PHL220. Quine and Ullian, C5 and C6
Quine and Ullian, C5 and C6
Chapter 5: Testimony
- Claim: there are two primary uses to language. Getting
knowledge from others, and getting others to do what we want
them to do.
- Testimony is like a microscope: it extends the range
of observation sentences we can come to know. We learn from
others what observation sentence they have confirmed by their
own testimony.
- We begin with the assumption that testimony is true,
and often reinterpret utterances to make them true. We conclude
someone is lying only after that is the simplest interpretation
of significant evidence to that effect.
- Testimony is more reliable when multiply confirmed -- but
the sources of the testimony must be independent!

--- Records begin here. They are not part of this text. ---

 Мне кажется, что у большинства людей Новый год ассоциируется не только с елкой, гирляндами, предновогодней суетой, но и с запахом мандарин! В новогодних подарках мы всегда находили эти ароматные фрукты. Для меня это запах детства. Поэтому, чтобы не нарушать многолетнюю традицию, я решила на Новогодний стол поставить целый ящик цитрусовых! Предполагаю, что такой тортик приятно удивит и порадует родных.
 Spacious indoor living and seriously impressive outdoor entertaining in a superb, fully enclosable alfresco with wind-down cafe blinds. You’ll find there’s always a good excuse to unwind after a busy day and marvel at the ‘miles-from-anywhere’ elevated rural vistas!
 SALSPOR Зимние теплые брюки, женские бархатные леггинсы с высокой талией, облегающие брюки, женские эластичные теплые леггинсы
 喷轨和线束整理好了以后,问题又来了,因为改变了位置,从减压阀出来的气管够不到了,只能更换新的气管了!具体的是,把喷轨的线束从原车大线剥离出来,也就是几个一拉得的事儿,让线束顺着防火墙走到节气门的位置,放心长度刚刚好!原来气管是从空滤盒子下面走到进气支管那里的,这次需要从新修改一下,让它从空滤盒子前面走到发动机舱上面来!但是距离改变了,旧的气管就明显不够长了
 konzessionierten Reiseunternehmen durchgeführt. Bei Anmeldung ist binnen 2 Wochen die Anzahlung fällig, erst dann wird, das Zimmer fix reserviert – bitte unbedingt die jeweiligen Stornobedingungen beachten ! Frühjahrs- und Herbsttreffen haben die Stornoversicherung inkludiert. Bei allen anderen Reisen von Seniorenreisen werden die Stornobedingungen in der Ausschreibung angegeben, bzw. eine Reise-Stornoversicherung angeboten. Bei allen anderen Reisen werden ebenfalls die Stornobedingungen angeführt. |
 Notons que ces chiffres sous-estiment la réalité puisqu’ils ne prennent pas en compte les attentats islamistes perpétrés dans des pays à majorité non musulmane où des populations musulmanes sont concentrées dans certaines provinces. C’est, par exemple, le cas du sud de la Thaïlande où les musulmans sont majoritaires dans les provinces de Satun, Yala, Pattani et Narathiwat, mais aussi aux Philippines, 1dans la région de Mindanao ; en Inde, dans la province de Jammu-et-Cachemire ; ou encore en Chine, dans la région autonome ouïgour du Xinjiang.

- Common "knowledge" is an unreliable source of testimony.
- Claim: we cannot believe a claim that we know is impossible.

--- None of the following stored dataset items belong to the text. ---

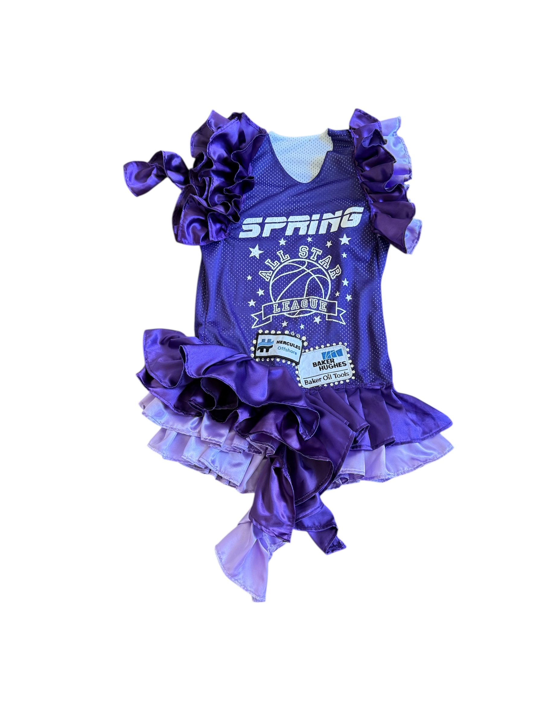 Vintage football jersey dress decorated with ruffles, rhinestones and patches.
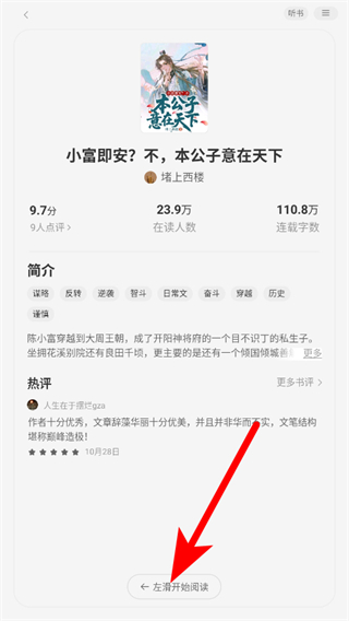 2、在书籍详情页面,点击左滑开始阅读选项,进入阅读界面。
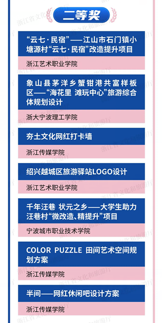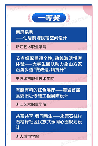 本次大赛是深入贯彻浙江省旅游业“微改造、精提升”五年行动计划的生动实践,让高校师生成为助力浙江旅游业高质量发展的新生力量,助力实现“席地而坐,悦心而游”。自今年6月大赛启动以来,共征集到22所高校共81组参赛作品。经过角逐,首届浙江省大学生助力旅游业“微改造、精提升”创意策划大赛最终产生一等奖4个,二等奖7个,最佳创意奖1个,最佳策划奖1个,同时公布了10个三等奖、10个优秀奖和5个最佳组织奖名单。
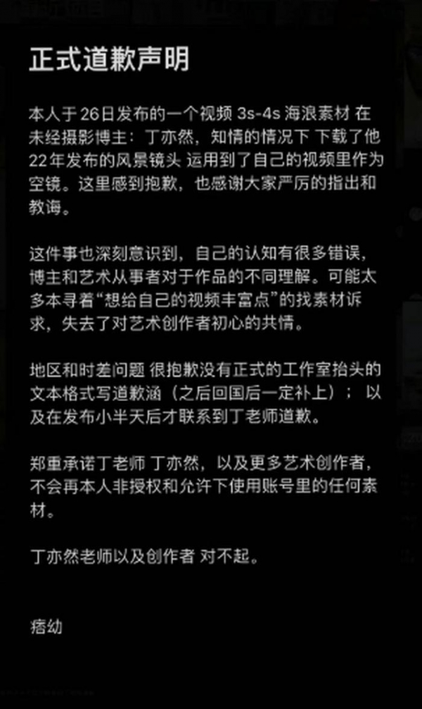 而痞幼本人也在社交账号发布了一则道歉声明,表示为了让视频素材更封堵,用了别人的视频。
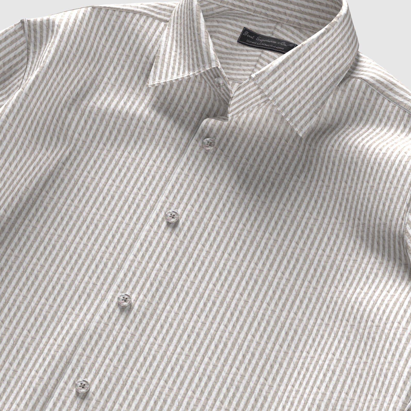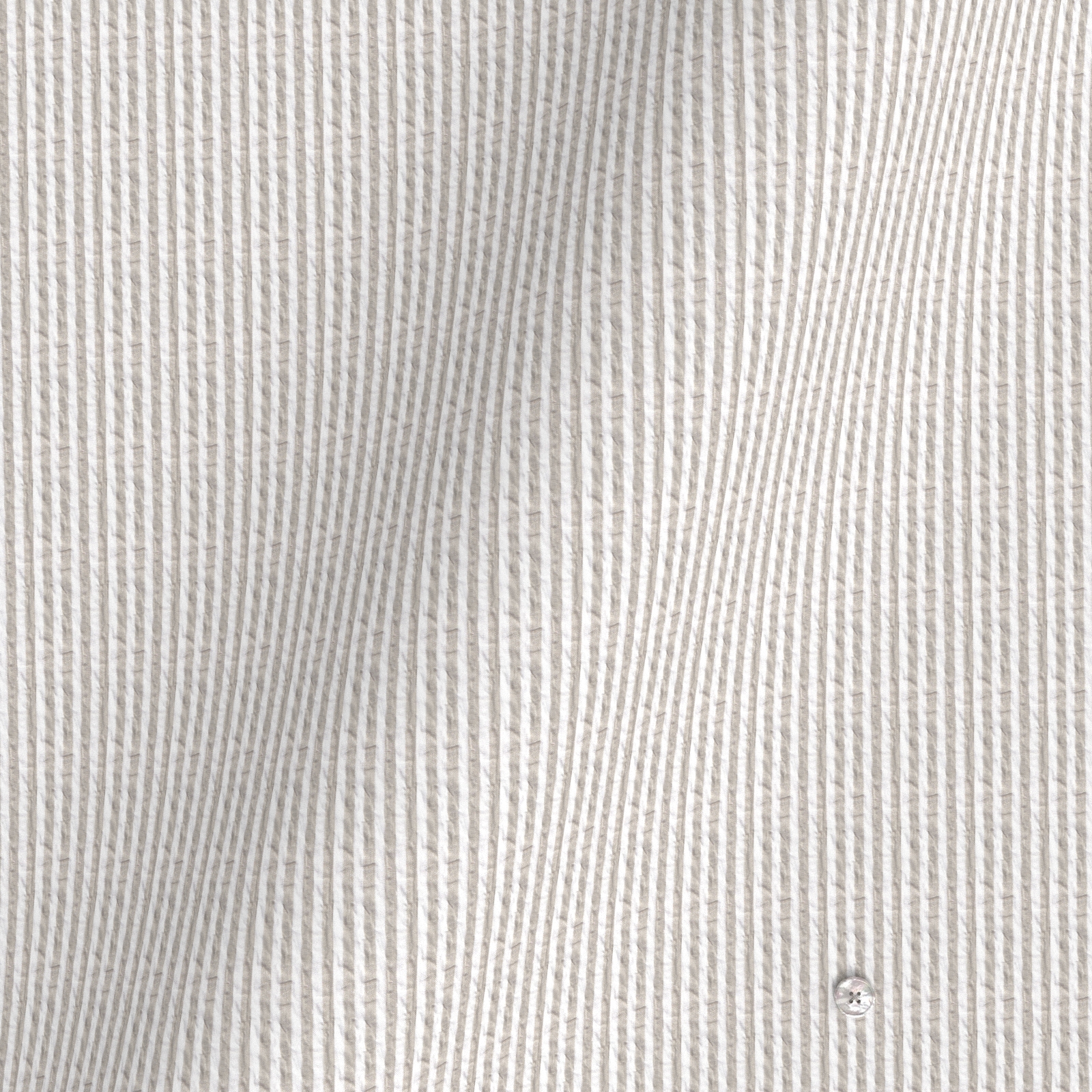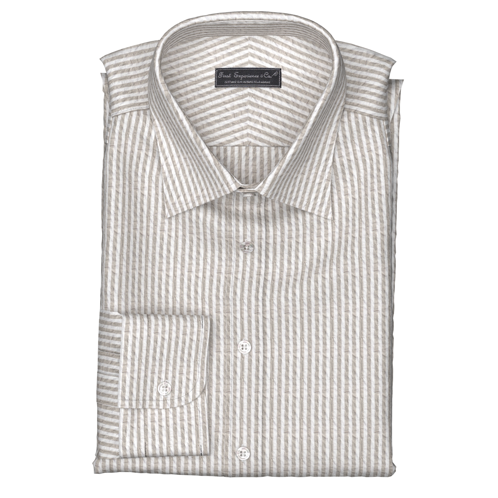 風合いがソフトな80双糸の上質素材を使用した凹凸感のあるシアサッカー素材のようなミラクルウエーブのベージュ・ロンドンストライプ生地となります。

- Claim: we cannot will to believe something and believe it
on those grounds alone.
- We do believe things on faith, of course. For example,
faith in claims we cannot ourselves confirm of scientists.
Chapter 6: Hypotheses
- Although some rationalists have believed we could
establish all truths working from self-evident truths; and
some empiricists believed we could establish all truths
working from self-evident truths and basic given experiences;
we know that only the most basic logic can be constructed from
self-evident truths. Natural science thus requires something
more: hypotheses.
- We need to identify the virtues of hypotheses (Note:
Q & U's virtues of hypotheses roughly correspond to what we earlier
called the criteria for evaluating and comparing theories.)

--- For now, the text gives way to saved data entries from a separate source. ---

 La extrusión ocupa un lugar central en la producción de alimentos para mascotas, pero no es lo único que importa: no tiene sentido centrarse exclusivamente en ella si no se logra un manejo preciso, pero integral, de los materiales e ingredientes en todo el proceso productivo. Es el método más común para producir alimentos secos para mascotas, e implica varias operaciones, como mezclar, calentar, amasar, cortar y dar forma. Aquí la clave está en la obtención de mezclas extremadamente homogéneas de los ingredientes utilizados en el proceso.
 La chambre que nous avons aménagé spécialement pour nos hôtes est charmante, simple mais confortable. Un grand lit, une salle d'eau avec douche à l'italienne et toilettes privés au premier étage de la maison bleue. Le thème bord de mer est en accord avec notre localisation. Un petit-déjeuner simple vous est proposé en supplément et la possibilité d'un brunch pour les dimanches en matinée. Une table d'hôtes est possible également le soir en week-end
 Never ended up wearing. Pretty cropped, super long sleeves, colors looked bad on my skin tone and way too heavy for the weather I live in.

- Conservatism: coherence with prior beliefs.
- Modesty: the hypothesis entails less than the alternative
hypotheses.
- Simplicity: simpler hypotheses are better.
- Generality: wider range of application is better.
- Refutability: this is falsifiability.
- A note about simplicity: Quine contends that simplicity
is subjective. Many of us do not believe that. For example,
a measure called Kolmogorov complexity is objective: it says
that one string or equation or any other statement A is
simpler than another B if the smallest computer program that
can generate that string A is smaller than the smallest
computer program that can generate B.